The looming threat of sequestration is presenting the American national security community with a dilemma. Outgoing Defense Secretary Leon Panetta has laid out what some of the consequences will be if Congress and the president cannot agree on a plan to rescind the automatic spending cuts that are set to go into effect next month: One of the two U.S. aircraft carrier groups deployed to the Persian Gulf region will be withdrawn; deployments to Latin America will be canceled; and the U.S. presence in Europe will be reduced. Panetta even warned that a diminished U.S. military presence overseas would, over time, run the risk of relegating the United States to second-class power status.
These arguments are primarily intended for domestic legislators, but they cannot help but have an impact on other governments as well. And how those governments choose to regard the possibility of American defense cuts could have serious implications for future U.S. grand strategy.

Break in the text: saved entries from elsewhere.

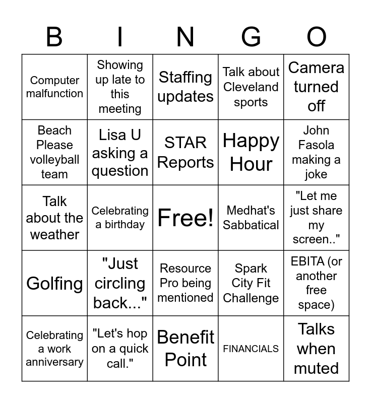 This bingo card has a free space and 24 words: "Just circling back...", "Let's hop on a quick call.", STAR Reports, Celebrating a work anniversary, Camera turned off, Computer malfunction, Beach Please volleyball team, Showing up late to this meeting, Medhat's Sabbatical, Resource Pro being mentioned, Happy Hour, Talk about the weather, Spark City Fit Challenge, EBITA (or another free space), Lisa U asking a question, FINANCIALS, "Let me just share my screen..", Staffing updates, John Fasola making a joke, Celebrating a birthday, Talks when muted, Golfing, Talk about Cleveland sports and Benefit Point.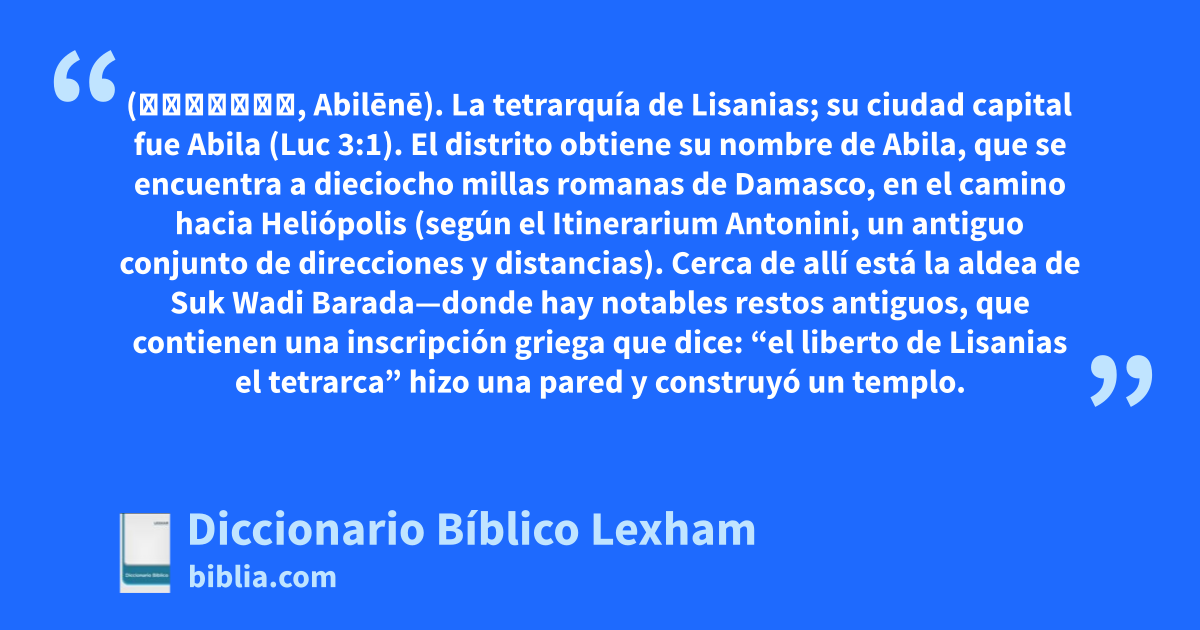 Abilinia (Ἀβιληνή, Abilēnē). La tetrarquía de Lisanias; su ciudad capital fue Abila (Luc 3:1).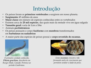 O documento descreve as principais características dos peixes, incluindo sua classificação, sistemas fisiológicos, hábitos de reprodução e importância para os seres humanos. Os peixes surgiram há 45 milhões de anos e são a maior classe de vertebrados, com cerca de 25 mil espécies vivendo em água doce e salgada. Eles podem ser classificados como ósseos ou cartilaginosos dependendo de sua estrutura esquelética.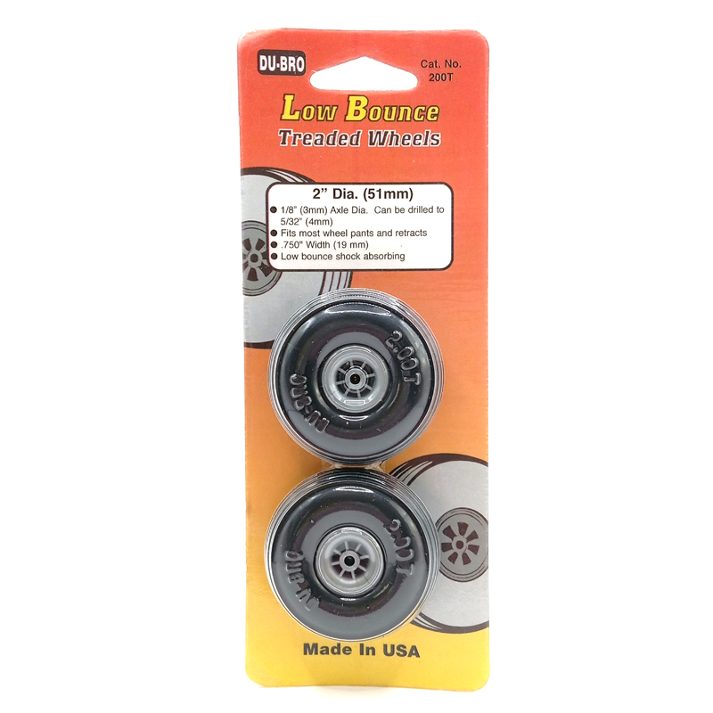 Amortyzujące wstrząsy bieżnikowe koła gumowe wyprodukowane w USA przez renomowanego producenta akcesoriów modelarskich, firmę DU-BRO.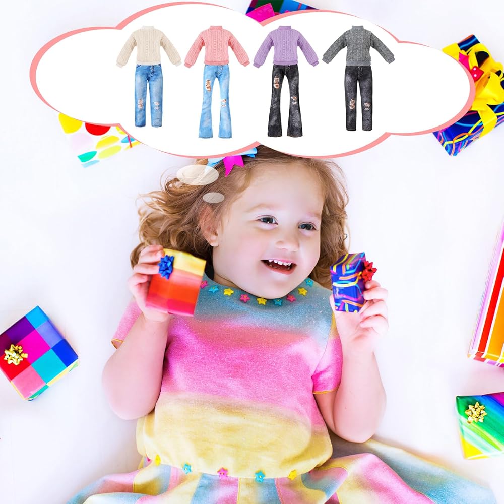 Sufficient quantity: you will receive 8 pieces of doll clothes in different colors, including 4 tops and 4 pants; The delicate design makes your doll more attractive, the quantity is enough to meet your different role playing and multiple doll needs, bring you a lot of fun; Note: the dolls are not included in the package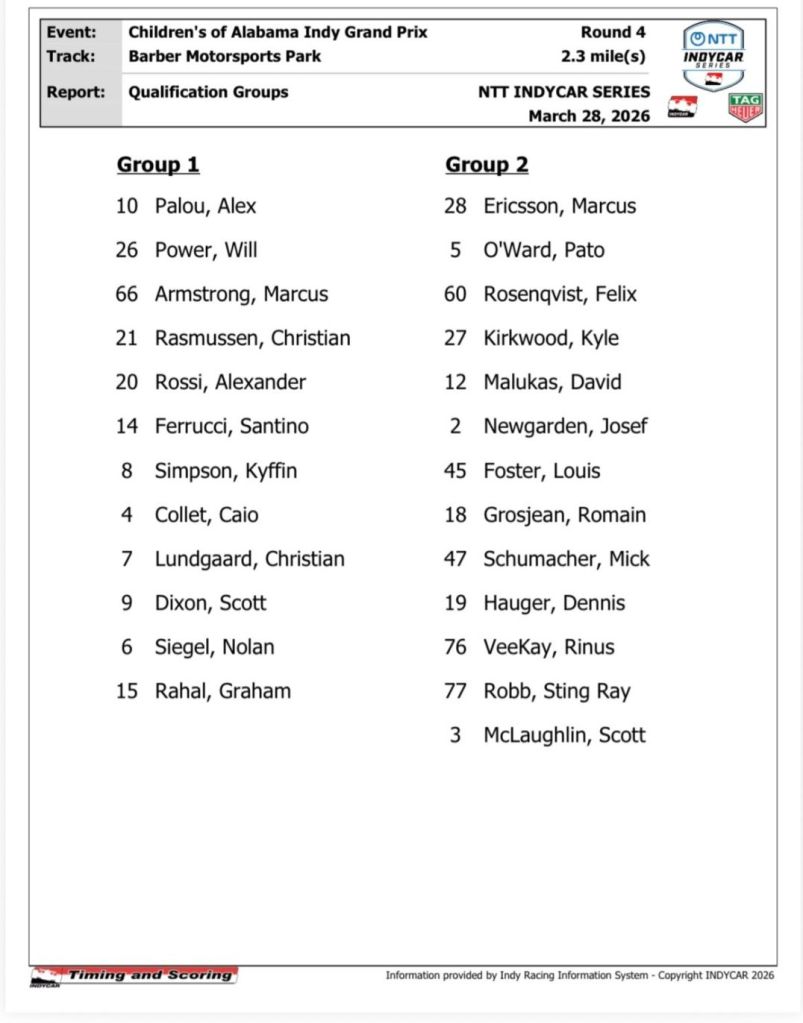 .INDY NXT by Firestone Notes:INDY NXT by Firestone resumes its 2026 season this weekend with a doubleheader at Barber Motorsports Park. Teenagers Nikita Johnson and Max Taylor have won the first two races of the year but will face an equally tough test with Barberâs twinbill. Taylor and his Andretti Global teammates should enter with confidence as they were among the fastest cars in an offseason series test at the track. A record 24-car field for the INDY NXT Grand Prix of Alabama doubleheader is expected at Barber Motorsports Park. There were a record 21 cars in 2021. While none of the current field of drivers has won an INDY NXT by Firestone race at Barber, Myles Rowe has visited victory lane at the picturesque road course, winning a USF 2000 Championship race in 2022.Group qualifying will decide the starting grid on road and street circuits but with a twist for the doubleheader. Based on the best lap times from the practice session immediately preceding qualifying, the fastest driver in that session will choose which group will compete in the first of the two qualifying sessions. With 10 minutes allotted for each group (with a guarantee of one timed lap), the fastest driver between the two sessions will be awarded Race 1 pole position with the drivers who finished behind that driver, in order and in that group, occupying the odd-numbered starting positions (3, 5, 7, etc.) for the race and the drivers who finished in order from the other group occupying the even-numbered starting positions (2, 4, 6, etc.). The second-best laps set by each driver in their group will apply to Race 2. One driver and entrant championship point will be awarded to the fastest car in each qualifying group. |

On one hand, Panetta, his immediate predecessor Robert Gates and other previous Pentagon bosses have consistently warned American partners that the post-Cold War defense status quo, in which the United States maintains a large defense infrastructure while allies are free to continue to cut down on their military spending to focus on domestic welfare, is not sustainable. In Gates’ valedictory address to NATO allies in summer 2011, he bluntly warned that the Western alliance would face a “dim, if not dismal” future if there were not more-equitable burden-sharing among its members. He noted that it was not feasible for European leaders to continue to expect “American taxpayers to assume the growing security burden left by reductions in European defense budgets.” The current mood in Congress seems to be the validation of Gates’ prophetic statements.